Problem Walkthrough

Maximum Product Subarray LeetCode 152

Track both the current maximum and minimum product at each position because a negative number flips max to min. Update both simultaneously and track the global maximum.

7 min read|

Maximum Product Subarray

LeetCode 152

Problem Overview

LeetCode 152 — Maximum Product Subarray — gives you an integer array nums. Find the contiguous subarray (at least one element) that has the largest product and return that product.

This is the product analog of Maximum Subarray (Kadane's algorithm for sums). The key difference: negative numbers change everything. Two negatives multiply to a positive, so a very negative running product can become the maximum when multiplied by another negative.

The solution tracks both the maximum and minimum product ending at each position. The minimum product is essential because it might become the maximum after multiplication by a negative number. This dual-tracking is the core insight.
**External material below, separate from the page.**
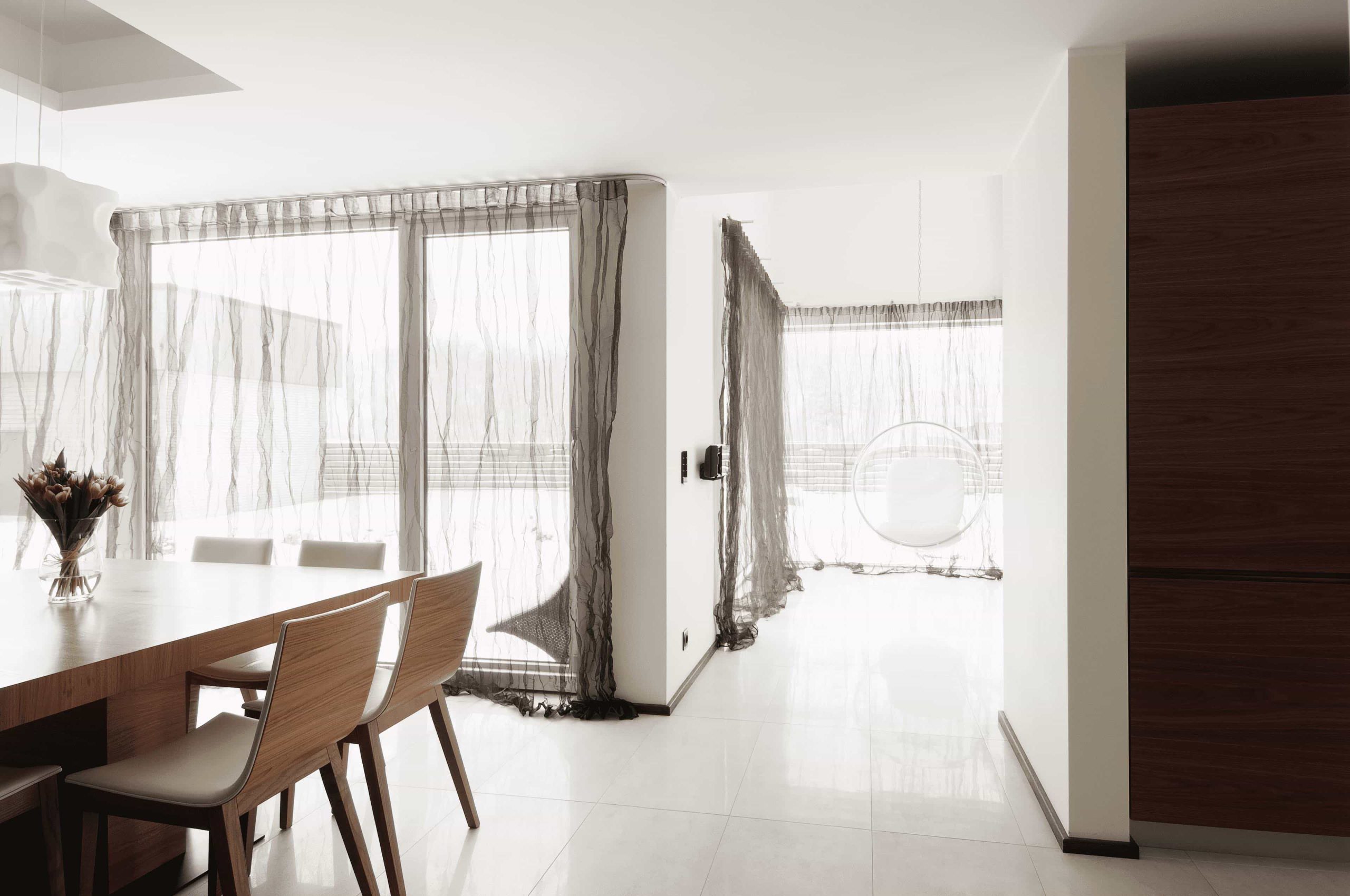 Kogu esimese korruse põrand on kaetud valge täismass-keraamilise plaadiga. Vastukaaluks läikivvalgele põrandale läbib kogu korrust pähklispoonist mööbel, mis annab valgele ruumile juurde vajalikku hubasust ning soojust.
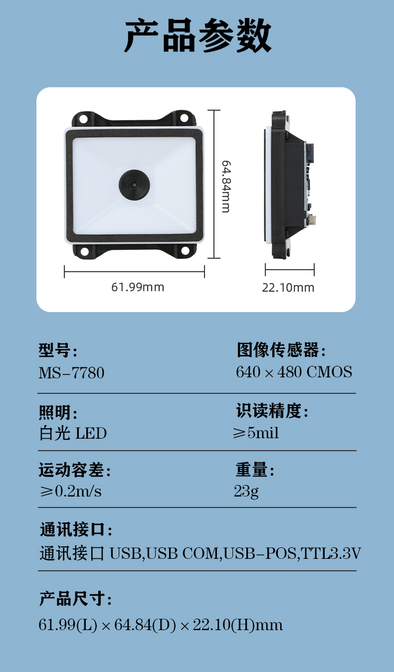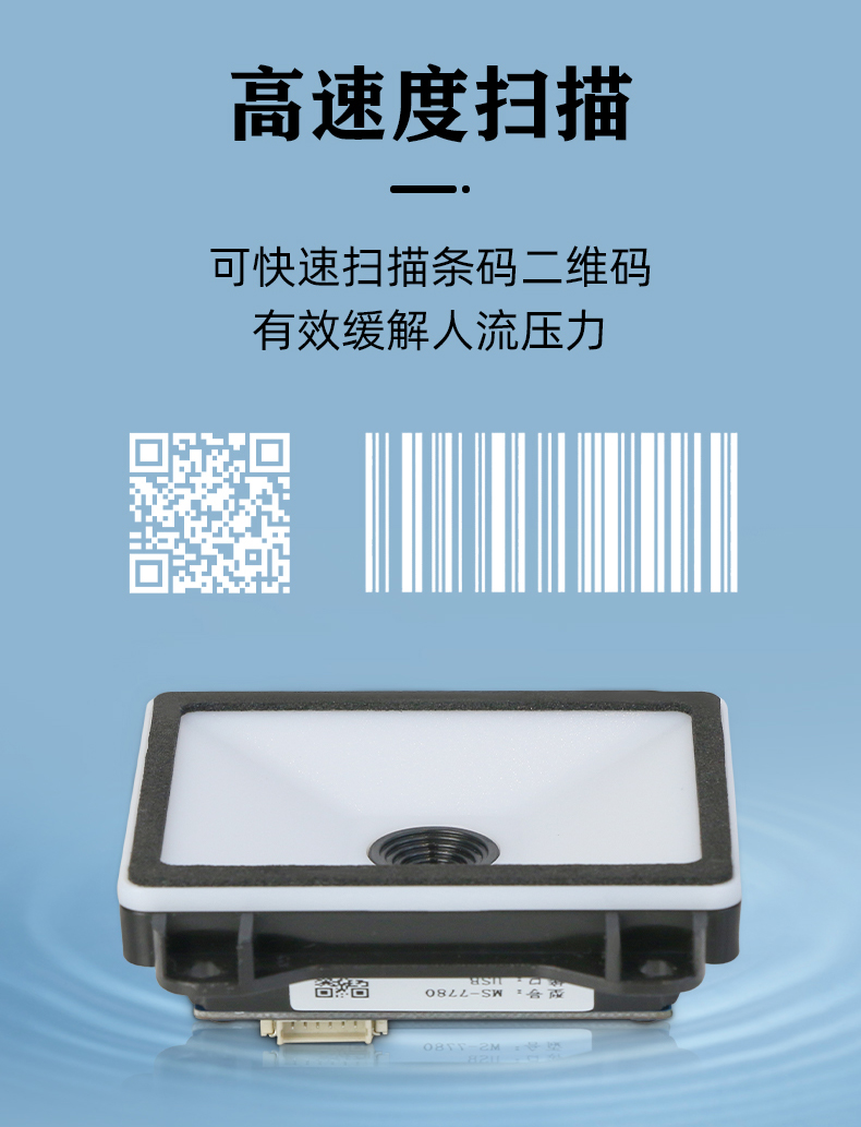 采用自主研發(fā)的核心技術(shù),極速響應(yīng),支持快速開發(fā)和定制需求手機(jī)可以貼的更近整機(jī)厚度僅 21MM,更方便集成超強(qiáng)電子屏碼解析對(duì)高密,低對(duì)比度,色彩條碼有較強(qiáng)的解析能力多種接口協(xié)議:USB、USB COM、TTL3.3V、等接口;物理接口形態(tài)有 12PIN 0.5mmFPC(選配)和6PIN MX1.25 間距端子座 集成蜂鳴器、補(bǔ)光燈、端子于一塊核心板 應(yīng)用場(chǎng)景: 車載 POS、閘機(jī)、門禁、電商自提柜、藥品售賣柜、自助查詢、排隊(duì)叫號(hào)、金融、醫(yī)療、快遞、收銀等自助設(shè)備等,對(duì)電子屏碼應(yīng)用場(chǎng)景尤為適合。

  • Input: integer array nums (may contain negatives and zeros)
  • Find the contiguous subarray with the largest product
  • Subarray must have at least one element
  • Negatives flip max and min — must track both
  • Zeros reset the running product to 0

Why Track Both Max and Min

Consider nums = [2, 3, -2, 4]. After [2, 3], curMax = 6. Then -2: curMax * -2 = -12, curMin * -2 = -12. But starting fresh: -2 itself. So curMax = max(-12, -12, -2) = -2 and curMin = min(-12, -12, -2) = -12. Then 4: curMax = max(-2*4, -12*4, 4) = max(-8, -48, 4) = 4.

Now consider [2, 3, -2, -4]. After -2, curMin = -12. Then -4: curMin * -4 = 48! The very negative minimum became the maximum. Without tracking curMin, we would miss this. The global max is 48 from the full subarray.

The general principle: at each position, the maximum product ending here comes from one of three sources — extending curMax (if current num is positive), extending curMin (if current num is negative and curMin is negative), or starting fresh with just the current number.

💡

The Negative Flip

When nums[i] is negative, curMax and curMin swap roles. The previous maximum becomes the candidate for new minimum, and vice versa. Some implementations literally swap curMax and curMin when the number is negative before updating.

The Algorithm

Initialize curMax = curMin = result = nums[0]. For each nums[i] starting from index 1: compute candidates: a = curMax * nums[i], b = curMin * nums[i], c = nums[i]. Update: curMax = max(a, b, c), curMin = min(a, b, c). Update result = max(result, curMax).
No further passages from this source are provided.